NONPROFIT NEWS & COMMENT STORY OF THE DAY – AUGUST 15, 2012

by Peter Dobkin Hall on August 15, 2012

This week, we begin a new feature: the day’s most interesting and important story on nonprofits from the world’s media. For a full survey of media coverage of topics relating to nonprofits, philanthropy, volunteering, and civil society, go to the Hauser Center’s news blog, Nonprofit News & Comment.

Today’s story focuses on the Gates Foundation’s initiative intended to spur the development of green systems of sanitary waste disposal.

New toilet technology after 150 years of waste.” By Donna Gordon Blankinship. USA Today/Associated Press. August 15, 2012.

These aren’t your typical loos. One uses microwave energy to transform human waste into electricity. Another captures urine and uses it for flushing. And still another turns excrement into charcoal.

They are part of a Bill & Melinda Gates Foundation competition to reinvent the toilet for the 2.5 billion people around the world who don’t have access to modern sanitation.

Scientists from around the world have taken up the challenge, and the foundation announced some projects Tuesday that will be getting more money to take their ideas from the lab to cities.

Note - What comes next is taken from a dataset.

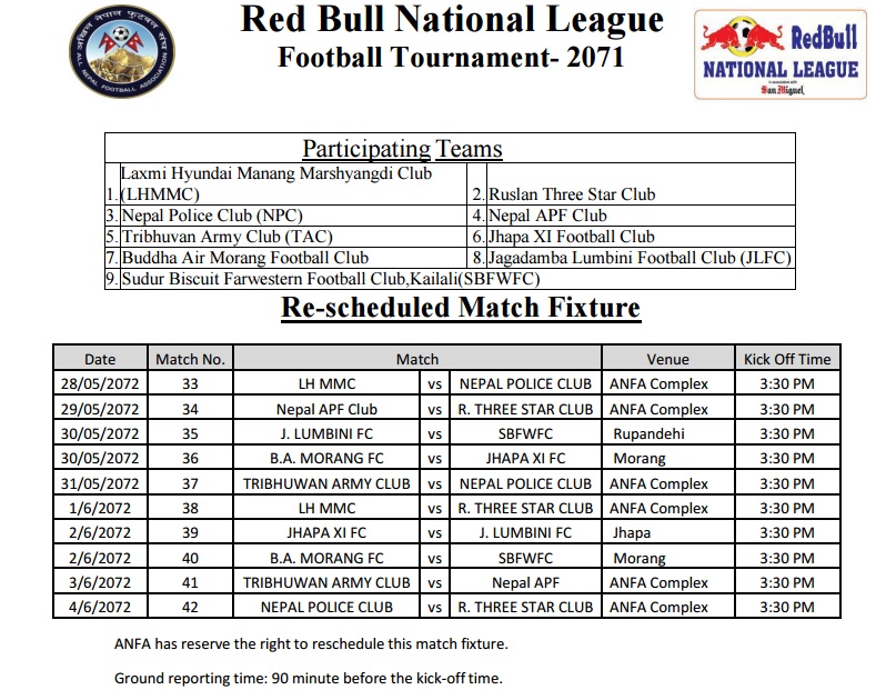 काठमाडौँ प्रथम ललित स्मृति यु १८ फुटबल प्रतियोगिताको उपाधि त्रिभुवन आर्मी क्लबले जितेको छ । जगदम्बा लुम्बिनी फुटबल क्लबलाई बुधबार ट्राइबेकरमा ३–१ ले हराउँदै आर्मीले उपाधि जितेको हो । त्यो जितसँगै समूह चरणमा लुम्बिनीसँगको हारको बदला लिन आर्मी सफल भएको थियो । त्यो बेला लुम्बिनीले आर्मीलाई ६–० ले हराएको थियो । सातदोबाटोस्थित एन्फा कम्प्लेक्सको एस्ट्रो […]

To pass the foundation’s threshold for the world’s next toilet, it must operate without running water, electricity or a septic system, not discharge pollutants, preferably capture energy or other resources, and operate at a cost of 5 cents a day.

The United Nations estimates disease caused by unsafe sanitation results in about half the hospitalizations in the developing world. About 1.5 million children die each year from diarrheal disease.